0

I have a h5py file, which contains information about a dataset. There are n items inside the dataset and k keys. For example, for each item I have stored a value for the keys bbox, number_keypoints, etc.As the dataset is too huge for me, I want to randomly sample from the dataset and create a smaller h5py or json file.

Let's say, I want to sample items [1, 6, 16]. Then, I want to practically take these indices for all keys (I hope it is clear, what I am trying to do).

Here is, what my idea looks like:

import h5py
with h5py.File(my_file, "r") as f:
    arr = [1, 6, 16]
    f = {key: value for i, (key, value) in enumerate(f.items()) if i in arr}

Unfortunately, this doesn't work. Can anyone help me here?

spadel
  • 998
  • 2
  • 16
  • 40

3 Answers3

1

You can use what's called fancy indexing in the h5py guide:

Let's say you have a data set ds with numbers from 1 to 10 of which you want to take indices specified by arr =[2,4,5]. you can get the subset using sub_ds = ds[arr] will get you an array of length 3 containing the values of the desired indices in arr.

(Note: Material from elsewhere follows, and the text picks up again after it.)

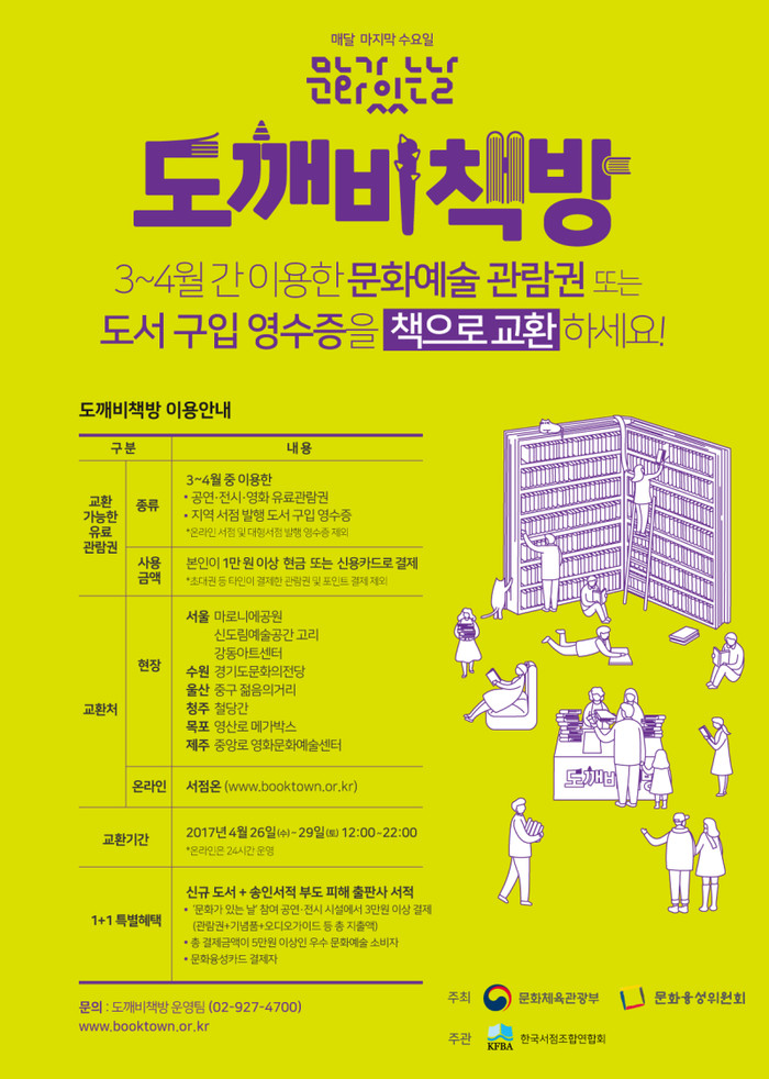 우선 ‘세계 책의 날’을 맞아 오는 26~29일 낮 12시~오후 10시 열리는 ‘도깨비책방’은 지난 3월과 이달 중 공연·전시·영화 관람권과 지역서점에서 구매한 도서 영수증을 새책으로 교환하는 프로그램으로, 한국 국적의 작가가 최근 5년 이내 창작했거나 집필한 저서 100종을 선정해 2만부의 도서에서 교환해 준다.

if you have an array of keys called keys (you can use f.keys() only if you don't have groups under your root, only datasets. otherwise you'll get an error), to get what you want you can modify your code to:

import h5py
with h5py.File(my_file, "r") as f:
    arr = [1, 6, 16]
    f_subset = {key: f[key][arr] for key in keys}
kcw78
  • 7,131
  • 3
  • 12
  • 44
Assaf
  • 316
  • 2
  • 6
  • Thanks a lot, this is better! :) I also didn't know that this type of indexing is supported, thats nice – spadel Jan 27 '21 at 20:02
  • @spadel, note that the 2 methods return different object types for the dictionary value. With Assaf's method they are (numpy) array slices, and your method returns value as a list. Depending on what you want to do with these values, this may or may not matter in downstream operations. Also, as Assaf mentioned, this only works if all objects at the file's root level are datasets (not groups). It also assumes all datasets have the same shape (and sufficient size for the indices in your list). – kcw78 Jan 27 '21 at 23:30
  • @kcw78 you are absolutely right, both data structures are not interchangeable, need different functions in order to manipulate and serialize. you can, however convert numpy arrays to lists and vise-versa quite easily. BTW if you want to find all the dataset keys in a hdf5 file, check out this thread https://stackoverflow.com/questions/44883175/how-to-list-all-datasets-in-h5py-file/65924963#65924963 I've also added my own answer there that does this with a simple function. – Assaf Jan 28 '21 at 07:48
  • @Assaf, yes I'm familiar with h5py `.visit()` and .`visititems()` methods. I have a couple of posts using them. I suspect @spadel's use case is model specific, so doesn't have to worry about issues I mention. For those that work with more general data schema, I added an answer to this thread to show the logic to test for datasets and their shape attribute. – kcw78 Jan 28 '21 at 20:11
0

Sorry guys, I just figured it out myself:

import h5py
with h5py.File(my_file, "r") as f:
    arr = [1, 6, 16]
    f_subset = {key: [value for i, value in enumerate(list(f[key])) if i in arr] for key in f.keys()}

This is doing what I want :)

spadel
  • 998
  • 2
  • 16
  • 40
  • okay this approach is WAY too slow - there are over 2 million items per key. Does anyone know how to speed it up? – spadel Jan 27 '21 at 17:06
0

As mentioned in comments above, previous answers only work if all objects at the file's root level are datasets (not groups) and the datasets have appropriate shape and size for the indices in the slice list. The code below shows logic to validate and process the nodes (keys) with datasets of appropriate shape.

import h5py
with h5py.File(my_file, "r") as h5f:
    arr = [1, 6, 16]
    f_subset = dict()
    for key in h5f.keys():
        if isinstance(h5f[key],h5py.Dataset):
            if len(h5f[key].shape) == 1 and h5f[key].shape[0] > max(arr):
                f_subset[key] = h5f[key][arr] 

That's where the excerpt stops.